Schools will return 'in full' in September after UN warns of 'generational catastrophe' because of shut classrooms

Nicolas Cecil4 August 2020

Schools will return “in full” in September, a minister declared today despite warnings that their reopening could spark a second wave of coronavirus.

Local government minister Simon Clarke said it is “not up for debate” whether all pupils come back to the classroom in a matter of weeks.

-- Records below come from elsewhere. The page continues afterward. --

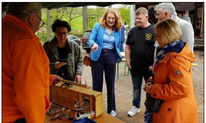
Bild 3: Die Ministerin Petra Berg beim Stand des Referats Fliegenfischen

Für alle Beteiligten des Fischereiverbandes Saar war es ein erfolgreicher Tag gewesen. Vielen Gästen des Frühlingsfestes konnten Informationen übermittelt und weitergeben werden. Und wer weiß, vielleicht sehen wir den ein oder Anderen bei einem der nächsten Veranstaltung wieder.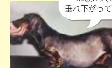
副腎皮質機能亢進症の犬

副腎から分泌されるステロイドホルモンであるコルチゾール量を測定します。ホルモンが過剰である場合と不足する場合で症状が異なりますが、そのまま放置すると命に関わる状態につながることもあります。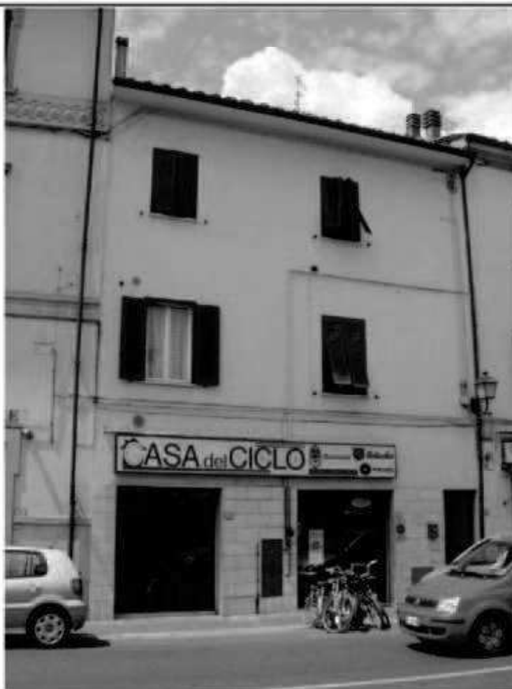
V 2 (piazza della Repubblica) via Roma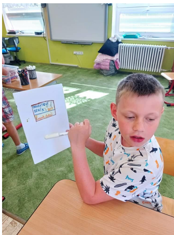
Projekt ERASMUS – Pátrání po ztracených místech - červen 2021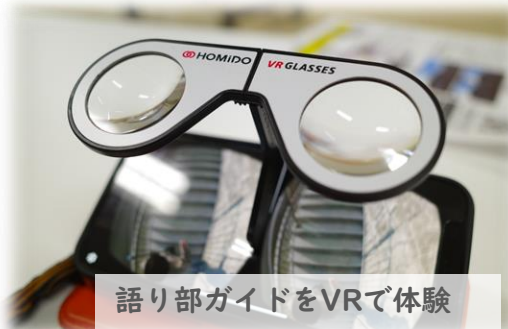
語り部ガイドをVRで体験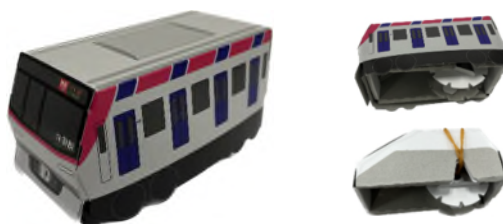
TX-3000系オリジナルプルバック電車 (紙製組立て式の完成品)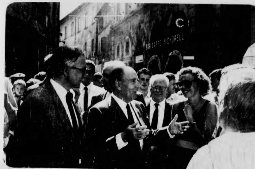
Settembre '87. Mitterand tra autorità e cortonesi

È tempo di vacanze e di viaggi ed unendo utile al dilettevole una numerosa rappresentanza di Cortonesi, si appresta a rendere visita agli amici della Città gemella di Chateau-Chinon, nella ininterrotta tradizione di scambi culturali di esperienze e di amicizia.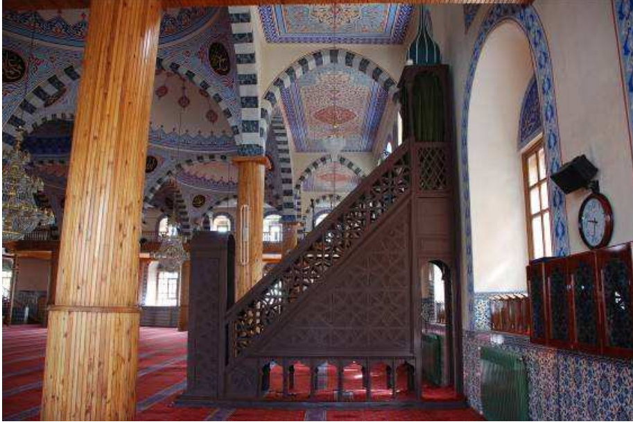
25. Fotoğraf: Minber, genel görünüm.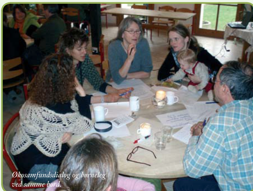
Økosamfundsdialog og børneleg ved samme bord.

Der er økologisk byggeri, CO 2 -neutrale opvarmningsformer, lokal rensning af spildevand, delebiler, genbrugsordninger og meget mere. Leve- og arbejdsfællesskaber, fælleshuse med fællesspisning, underholdning, børnepas-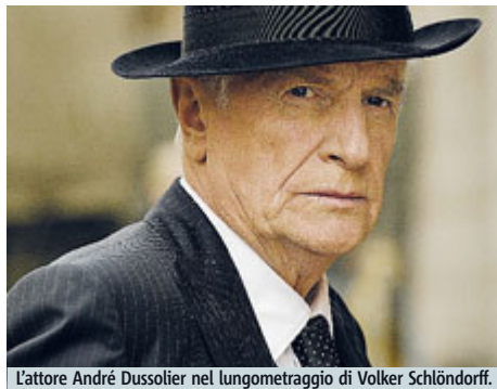
L'attore André Dussolier nel lungometraggio di Volker Schlöndorff.

CINEMA Una notte per salvare Parigi. È la notte tra il 24 e il 25 agosto del '44, gli alleati entrano nella città e, a un passo dall'alba, il generale tedesco Dietrich von Choltitz, governatore militare di Parigi, si prepara ad eseguire gli ordini di Hitler, distruggere la capitale francese. Ponti e monumenti erano già tutti stati minati e pronti ad esplodere ma l'ordine non arrivò perché von Choltitz, da sempre fedele al Terzo Reich, si rifiutò di farlo eseguire. La storia è questa, ce la racconta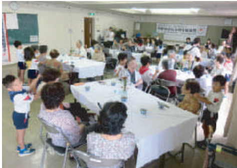
園児に肩をたたくてもらい、笑顔の参加者

同集いは、一人暮らし高齢者の日ごろの労をねぎらい、地域での「ふれあい」と「絆」を深めようと、毎年この時期に行われています。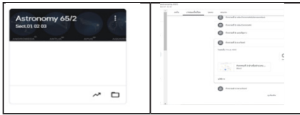
ภาพที่ 5 ห้องเรียน Google Classroom วิชาดาราศาสตร์

3.2.3 ให้ผู้เรียนทำแบบทดสอบ วัดผลสัมฤทธิ์ทางการเรียนหลังเรียน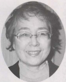
西田 陽子 議員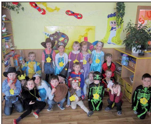
Karneval ve třídě SLUNÍČKA.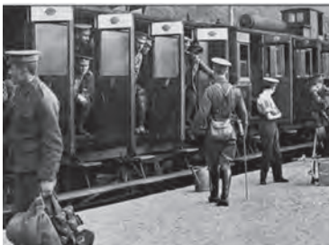
Britten vertrekken naar het front

Achtereenvolgens vielen Charleroi, Dinant en Namen in Duitse handen. Alleen al bij Namen sneuvelden 27.000 Franse soldaten bij de beschietingen met de zware howitzers. Tijdens de slag bij Mons (Bergen) is er een eerste contact tussen het 1 e Duitse leger van generaal Von Kluck en de Britse troepen. Het British Expeditionary Force (BEF) leed veel verliezen en werd 5 kilometer teruggedwongen. Ook aan Duitse zijde waren er grote verliezen. Omdat het Franse 5 e leger, dat in de sector oostelijk van de Britten streed, zich wat naar het oosten had teruggetrokken, moesten de Britten wijken en trokken zich 'ongeorganiseerd' verder terug.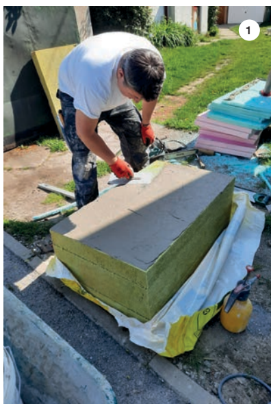
SLIKA 1: Nanošenje sloja MAPETHERM ADHESIVE.

rom na to da je objekt jako razveden i da se nalazi na rubu brijega, investitor je debljom toplinskom izolacijom želio osigurati minimalnu potrošnju energije. U kombinaciji s dizalicom topline tako će imati konstantnu i ugodnu temperaturu u unutarnjim prostorima s minimalnim gubicima i smanjenim ciklusima dogrijavanja zraka zimi, odnosno hlađenja ljeti. Za lijepljenje toplinsko-izolacijskih ploča korišten je MAPETHERM ADHESIVE, jednokomponentni cementni mort koji odlikuje prionjivost viša od 1,5 Mpa i tlačna čvrstoća od 13 MPa.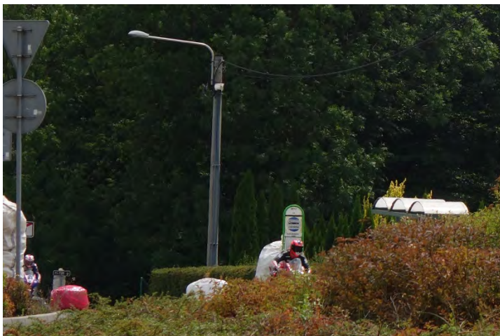
Havířovský Zlatý kahanec 2019, závody do 600 ccm, show začíná. Neděle 14. července 2019.

However, he admitted the test-and-trace system still needed to improve and stressed all citizens had a duty to self-isolate if they test positive for Covid-19 or if advised to do so having come into close contact with an infected person.

The Government took the firm line as United Nations secretary-general Antonio Guterres warned the world faces a “generational catastrophe” because of school closures during the pandemic and said getting students safely back to the classroom must be “a top priority”.

However, a new report raised the alarm over whether schools could reopen fully in the autumn without triggering a second wave even worse than the first, given the performance of the UK’s test, trace and isolate system.

The modelling study, which simulated 12 scenarios, examined possible implications of UK schools going back coupled with broader reopening of society, such as more parents returning to the workplace and increased socialising. The

authors found that “with increased levels of testing ... and effective contact-tracing and isolation, an epidemic rebound might be prevented”.

But they said that without this the full reopening of schools in September, together with gradual relaxing of the lockdown, are “likely to induce a second wave that would peak in December”.

In a worst-case scenario, a second wave could be 2.3 times higher than the first, according to the study published in The Lancet Child And Adolescent Health journal.

More than 56,000 people with coronavirus have died in the UK since the first wave of the pandemic hit.

Dr Jasmina Panovska-Griffiths, senior research fellow and lecturer in mathematical modelling at the Institute of Epidemiology and Health Care, University College London and lead author of the modelling study, said: “With full reopening of schools alongside society reopening, we suggest that the second wave can be avoided by increasing testing to capture 75 per cent of those with symptoms and then go on to contact trace 68 per cent of their contacts.”

UK Schools begin to reopen during Coronavirus lockdown ease

1/21

However, she said that currently test and trace in England was only reaching about 50 per cent of contacts of those testing positive.

Despite the warnings, Mr Clarke was adamant that schools would soon be fully open.

“Schools absolutely will be coming back full time for all pupils in September,” he told Talk Radio. “That’s something which is a total priority for the Government. We are absolutely clear that the impact of children missing so much of their education is enormous and has multi-year consequences for their life chances.”

He insisted the test and trace was reaching 80 per cent of people who test positive for Covid and over 75 per cent of their close contacts.

However, the study cast doubt on whether this was the full picture, because just under a fifth of people who test positive and were referred to test and trace did not provide any details for contacts.

Some might not have been in contact with other people, while others may refuse to co-operate with the system. Shadow health minister Justin Madders said: “Ministers need to be honest about the scale of the problems with the test-and-trace system — it just isn’t reaching enough people and is showing no sign of doing so.”

Mr Clarke said test and trace was “delivering” but admitted it still needed to be improved and urged all citizens to engage with it.

“It’s up to all of us to do the right thing if we either test positive for coronavirus or are in close contact with someone and then are contacted by test and trace and advised to self-isolate,” he added.

He said that more than 184,000 people have been contacted by the programme so far, with overall testing due to rise to 500,000 by the end of October.

The study comes after suggestions that pubs may need to shut, or social freedoms curbed, in order to allow schools to reopen while keeping the spread of Covid-19 down.